Take words with you – Friday, 14th Week in ordinary time – Hosea 14:1-9

Take words with you – Friday, 14th Week in ordinary time – Hosea 14:1-9

 The conclusion of Hosea chapter 14 is not very long. It’s all of nine verses that take a little more than a minute to read. It is compact and dense poetry, marked with signposts that point to all that has gone before in the book; yet it still finds a way to say something of its own in the final crescendo.

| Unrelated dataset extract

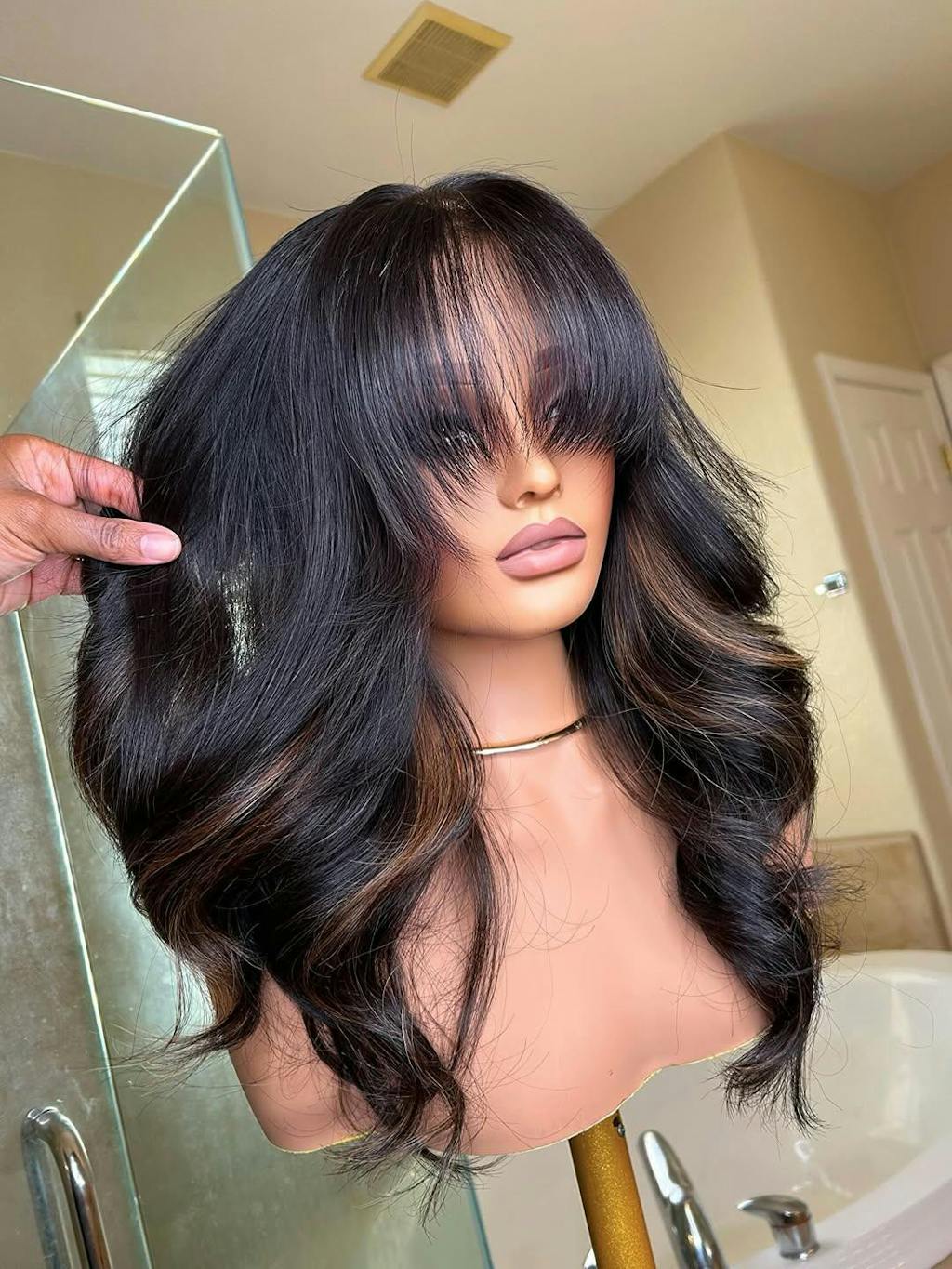 eullair Butterfly Curls With Bangs 13x4 Black Mixed Brown Highlight Lace Frontal Human Hair Wigs 250% Density
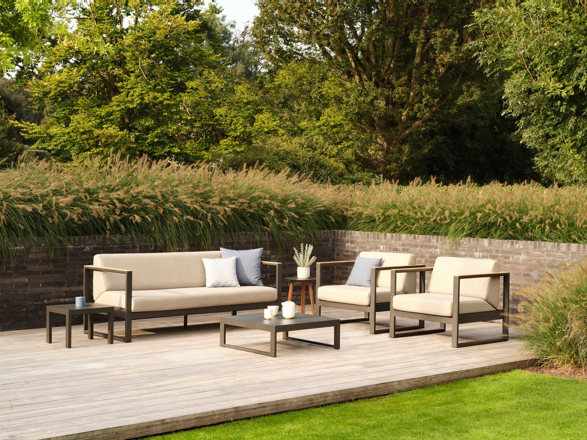 Landscape is a modular lounge system designed with a floating aesthetic. It features a sleek aluminum base with integrated teak slats that act as side tables. The collection focuses on versatility, allowing users to arrange corners and middle sections to fit any terrace size.

Hosea brings a rather prickly book to a flowery end. It is not that God has forgotten the iniquity, its just that the last words are those of the hope and restoration; someday there will be a new land a new people who reject their wooden images that they have made their god. So Hosea, like an elder sibling prodding an errant brother to find the right words to apologise, prods Israel on. “Take words with you and return to the lord.” Israel can no longer pull a sorry face and get away with it. In returning to the LORD, Israel must come back on God’s terms and not their own; as must we. 

Israel, having been prodded by the prophet not only finds its feet but loosens its arrogant tongue. In Hosea 10:3 they said “we do not fear the Lord.” So the first words of Israel, as should be ours and which are the words of the  Church when we gather at the Eucharist is the admittance of our sin. “Take away all guilt, accept that which is good (in us)” say the people of Israel. Israel now renounces her dependence on her neighbours for protection and her love for her ‘gods’ made by hand in wood and metal. Their contrition acknowledges their devastation for they are but ‘orphans’, orphaned by all the things they once thought brought them comfort and it is as orphans that they return to a God who was father to them (11:1)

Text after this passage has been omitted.